Johann Sebastian Bach (1685-1750) was an innovator of keyboard music. He was not the kind of innovator-composer who experimented with new forms or new instruments, such as Haydn or Wagner. Rather, he stretched existing forms and instruments to their previously-conceived limits and beyond. He did so out of faith—faith that the performers or listeners could comprehend his widening of the boundaries—faith that the structures that he was bending so ruthlessly would not break. It also seems that he had faith that the old-fashioned forms could be used to the greatest effect even to the modern (1730s, 1740s, 1750s) ear.
I recently started working on Bach’s third prelude in the Well-Tempered Clavier, from book 1. If you don’t know the Well-Tempered Clavier, here is a short introduction: Bach wrote 2 series of prelude-and-fugue pairs, in each of the 24 major and minor keys, for a total of 48 pieces. The third prelude of volume 1 is in C# major. C# major has 7 sharps (every note is sharp), which is a daunting key signature for any musician to tackle. Needless to say, it is an exercise of the brain—but more importantly for us to realize, it is an exercise in faith.
Bach’s predecessors were limited in how many different keys they could write in, because the tuning system did not allow for certain “remote” keys, such as C# major, to sound properly. In fact, intervals in the C# major scale are rather ugly in traditional tuning methods. So, in order to write a piece in C# major, and sound good, Bach discovered a new way of tuning his harpsichord. Other composers knew about this system of equal temperament, but no one had before composed such a complete set of works to prove how well it worked. Nevertheless, when one’s fingers had touched the keys, there must have been some doubt as to whether the chords would sound beautiful as in C major, or like chaos.
A new system of fingering was also needed to execute this piece effectively, since all of the black keys are used and the notes are situated so that you must use more fingers than tradition allowed for. According to the biographical sketch by Philip Hale at the front of my addition, “Before Bach, the little finger and the thumb were almost never used…Bach employed all the fingers equally; he had invented his own system of fingering for conquering difficulties, and it rested chiefly on the use of the thumb.” Your piano teacher probably told you never to play a black note with your thumb. Not possible here! Well, not for me at least.

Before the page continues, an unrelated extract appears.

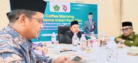 Imbauan tersebut disampaikan dalam Coffee Morning Kanwil Kemenag Riau bersama insan pers, Kamis (18/12/25), di aula Kabag Tata Usaha Kanwil Kemenag Riau.
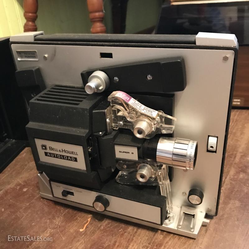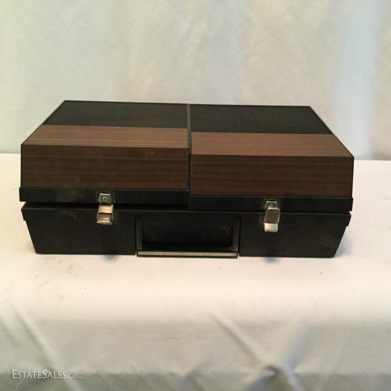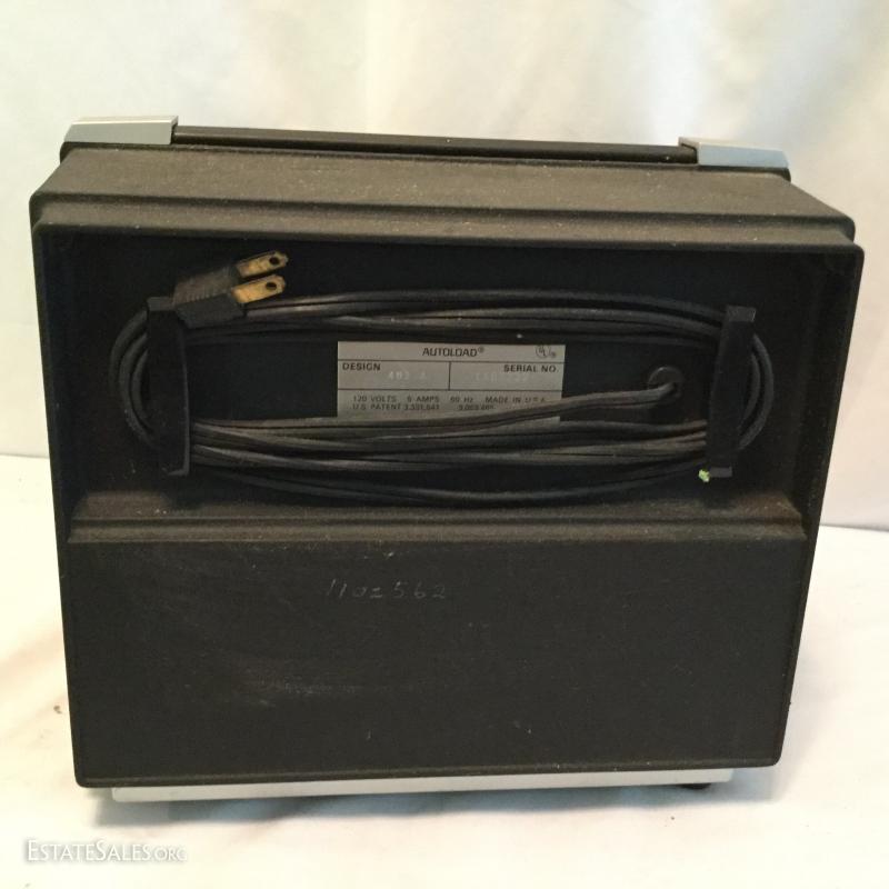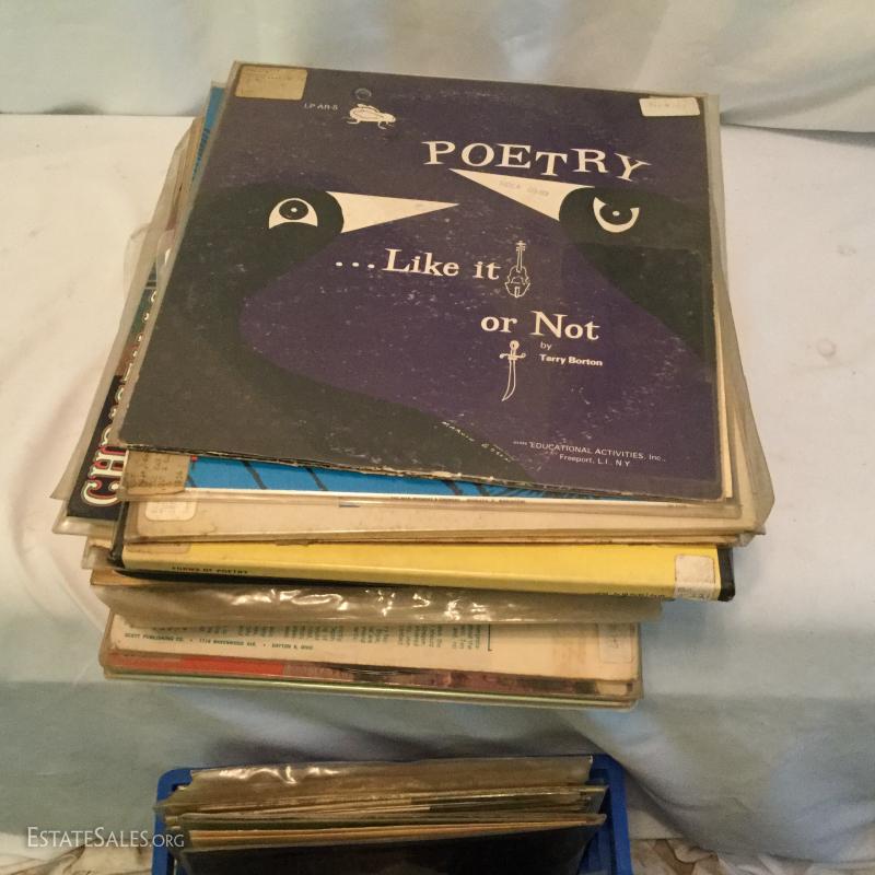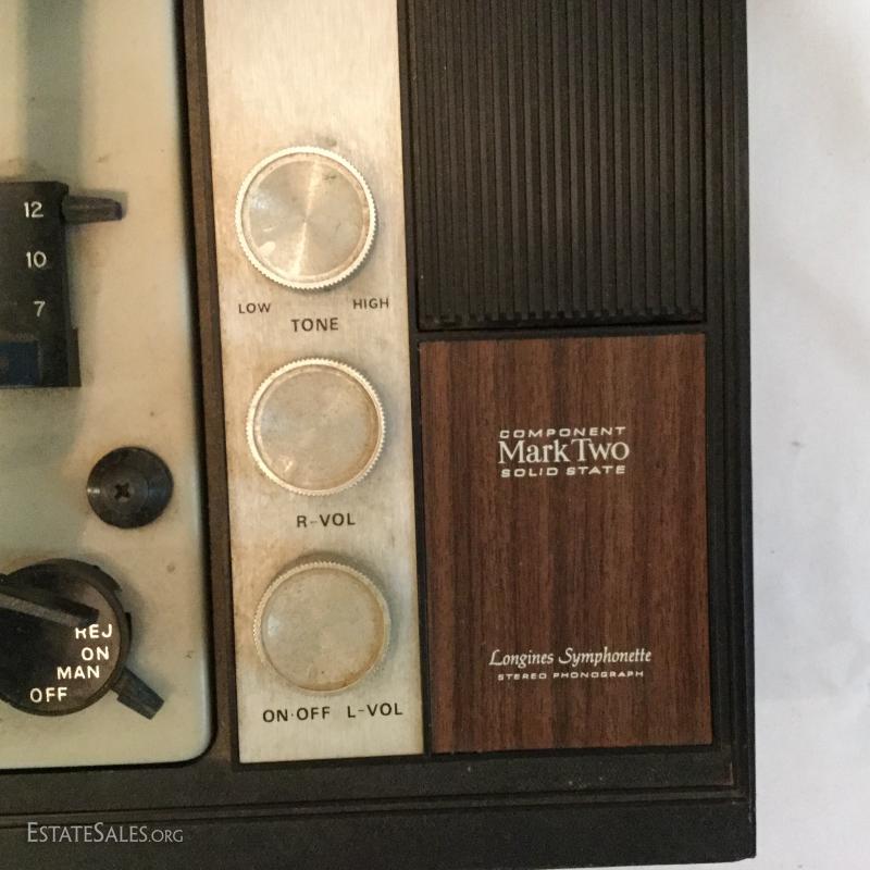 Vintage Longinus Symphonette Stereo Phonograph in case, crafted in Great Britain. A Standard Panasonic PLL Multi Plex Citcuit Record Player and a Bell & Howell Autoload film Projector. Lot also includes about 100 LPs. Mostly poetry. Most in plastic cover and old library records.

I wonder how long Bach trembled for fear that he would get some type of injury by using his hands in such unorthodox ways. 150 years later, Robert Schumann (1810-1856) suffered serious damage to his hand by trying to extend the strength and range of his fingers.
For the performer, reading the Prelude in C# major is a leap of faith as well. In C# major, every note is sharp, which means that even e and b are sharp. Since there is no black note to the right of either, the sharp versions of them are f and c, respectively. So, to play f but think e# is a big challenge in cognitive dissonance. You must have faith that the key you sink down into will actually produce the right sound.
In performance, none of these issues are apparent to anyone. All of the work done behind the scenes, from the composer’s pen to the musician’s metronome, is where the faith work happens. Any musician will tell you that a lot of doubt creeps in our minds in the first moments of learning a new piece. I merely wanted to make you aware of the special nature of this piece—the work done by the composer and the practicing done by the performer are both works of some significant faith. This should not be surprising, since Bach’s faith in God is well-documented. Even the little notes that sound so innocuous and charming in performance were worked out with great courage and peace with unknown forces by his masterly hand.